As a commentator on her own work, Morrison brilliantly analyzed her lyrical sensibility and contextualized the experience of the African American artist in American literature. Her work represents possibility and legitimizes the inclination of African American artists to delve into the African American experience without fear of being deemed irrelevant, inaccessible, or parochial. She also demonstrated this commitment in her editorial work. Her crucial role in the publication of Middleton Harris’s The Black Book (1974) demonstrates her concern for preserving images of African culture in America’s collective consciousness.

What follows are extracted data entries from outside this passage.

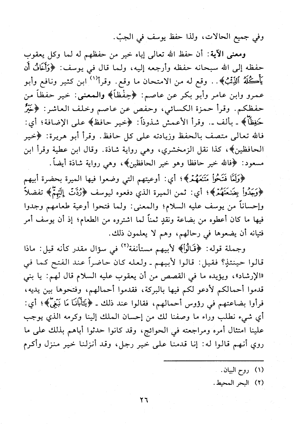 ومعنى الآية: أن حفظ الله تعالى إياه خير من حفظهم له لما وكل يعقوب حفظه إلى الله سبحانه حفظه وأرجعه إليه، ولما قال في يوسف: {وَأَخَافُ أَنْ يَأْكُلَهُ الذِّئْبُ} .. وقع له من الامتحان ما وقع. وقرأ (¬1) ابن كثير ونافع وأبو عمرو وابن عامر وأبو بكر عن عاصم: {حِفْظًا} والمعنى: خير حفظًا من حفظكم. وقرأ حمزة الكسائي، وحفص عن عاصم وخلف العاشر: {خَيْرٌ حَافِظًا} - بألف -. وقرأ الأعمش شذوذًا: {خير حافظ} على الإضافة؛ أي: فالله تعالى متصف بالحفظ وزيادته على كل حافظ. وقرأ أبو هريرة: {خير الحافظين}، كذا نقل الزمخشري، وهي رواية شاذة. وقال ابن عطية وقرأ ابن مسعود: {فالله خير حافظًا وهو خير الحافظين}، وهي رواية شاذة أيضًا.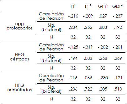 mostró diferencia estadística significativa (p >0.05), aunque la ganancia diaria de peso se correlaciona negativamente con el número de huevecillos/ooquistes de coccidia, céstodos y nemátodos (tabla 4).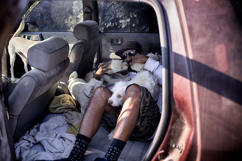 洛杉磯的一名無家可歸者和他的6只狗住在車里(資料圖)

Apart from her talent as an artist, Morrison brought an intensely political engagement to her art. She spoke of the irrelevance of work that is not political. Politics, for her, embraced the elements of relevance, accountability, and truth. She was a leading voice among African American women writers who were not afraid to emphasize their political discourse. Others who have shared this ethos and spoken of Morrison’s leadership in this regard include Toni Cade Bambara, Ntozake Shange, Alice Walker, and Maya Angelou.
Morrison also worked as a teacher and an editor for most of her adult life, and she brought these skills to bear on her own work. She was a committed defender of the rights of women and spoke against injustices against women. More importantly, she supplied intelligent and cogent criticism of the White feminist movement from the perspective of an African American woman.
In her later years, Morrison lived in Grand View-on-Hudson, New York. She died on August 5, 2019, in the Bronx, of complications from pneumonia. She was eighty-eight years old. Her survivors include her son, Harold Ford Morrison, and three grandchildren.